UPDATE a SET x = 1 WHERE y = false
UPDATE a SET x = 2 WHERE y = true

Statements are independent because they have disjoint write-sets and their read-sets do not overlap with the other's write-sets. (note that parallelizing this example will not actually be supported by the initial proposal, see Dependency Granularity)

UPDATE a SET b = 2 WHERE y = 1
UPDATE a SET b = 3 WHERE y = 1

Statements are dependent because write-sets overlap.

UPDATE a SET y = true  WHERE y = false
UPDATE a SET y = false WHERE y = true

Statements are dependent because while write-sets are disjoint, the read-sets for each statement overlap with the other statement's write-set.

UPDATE a SET x = 1    WHERE y = false
UPDATE a SET y = true WHERE x = 1

Statements are dependent because while write-sets are disjoint, the read-sets for each statement overlap with the other statement's write-set.

INSERT INTO a VALUES (1)
INSERT INTO a VALUES (2)

Statements are independent because they write to different sets of data.

SELECT * FROM a
REVOKE SELECT ON a
SELECT * FROM a

All three statements are dependent because permission changes perform a write on the permissions for table a that the two queries implicitly read.

SELECT * FROM a
ALTER TABLE a DROP COLUMN x
SELECT * FROM a

All three statements are dependent because schema changes perform a write on the schema for table a that the two queries implicitly read.

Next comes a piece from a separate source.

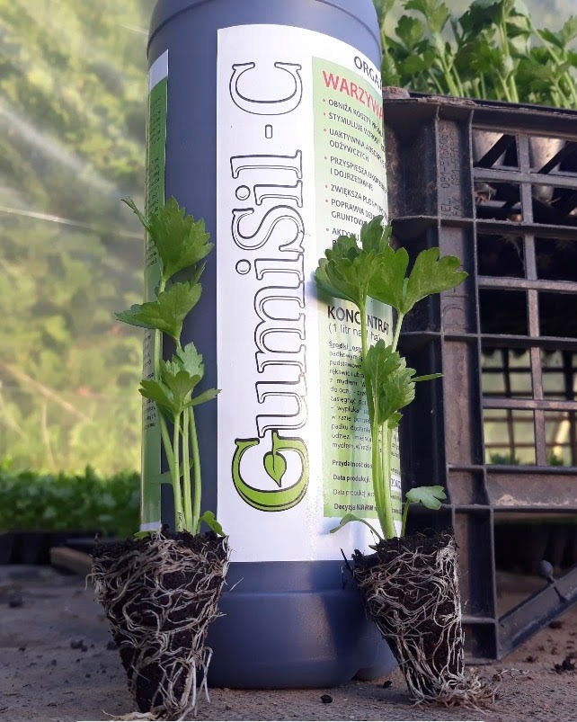 органіко-мінеральний стимулятор росту для всіх видів овочів, отриманих шляхом мікробіологічної обробки торфу низинного, препарат складається тільки з природної та екологічної сировини. До складу входять гумінові/фульвокислоти, мікро- та макроелементи, природні вітаміни, фітогормони, L-амінокислоти і, перш за все, корисні гриби роду Trichoderma, які населяють кореневу зону і безпосередньо впливають на розвиток кореня. системи та захистити рослину від патогенних факторів. Стимулятор GumiSil-C можна використовувати як для позакореневого, так і для ґрунтового внесення. Препарат має дозвіл на використання в органічному землеробстві №. SE/15/2018.

SELECT statement_timestamp()
SELECT statement_timestamp()

Statements are dependent because a call to statement_timestamp implicitly mutates state scoped to the current transaction. This falls under the category of "inter-statement constraint state".

Dependency Detection

Dependency Granularity

These definitions hold for any granularity of data in a SQL database. For instance, the definitions provided above could apply to data at the cell-level, the row-level, the table-level, or even the database-level, as long as we are careful to track all reads and writes, explicit or otherwise. By increasing the granularity at which we track these statement dependencies, we can increase the number of statements that can be considered independent and thus run concurrently. However, increasing the granularity of dependency tracking also comes with added complexity and added risk of error.

However, instead of working in the domain of SQL constructs, this RFC proposes to track dependencies between statements at the roachpb.Key level. The reason for this is that our SQL layer already maps SQL logic into the roachpb.Key domain, which is totally-ordered and is more straightforward to work with. In addition, roachpb.Keys can also be grouped into roachpb.Span, which already have set semantics defined for them. So, by first leveraging existing infrastructure to map SQL into reads and writes within roachpb.Spans, we can perform dependency analysis on SQL statements by determining if sets of roachpb.Spans overlap.

Algorithm

The algorithm to manage statement execution so that independent statements can be run in parallel is fairly straightforward. During statement evaluation, a list of asynchronously executable statements is maintained, comprised of both currently executing statements and pending statements. Parallelizable statements are appended to the list as they arrive, and they are only allowed to begin execution if they don't depend on any statement ahead of them in the list. Whenever a statement finishes execution, it is removed from the list, and we check if any pending statements can now begin execution. Note that because dependencies are detected at the table-level of granularity, the read and write-sets used for our statement independence detection within this list can simply hold table IDs.

When new statements arrive, the sql.Executor iterates over them as it does now in execStmtsInCurrentTxn. For each statement, the Executor first checks if it is one of the statement types that we support for statement parallelized execution. If the statement type is not parallelizable or if the statement has not opted into parallelization, the executor blocks until the queue of parallelized statements clears before executing the new statement synchronously. Notice that these semantics reduce to our current statement execution rules when no statements opt-in to parallelization.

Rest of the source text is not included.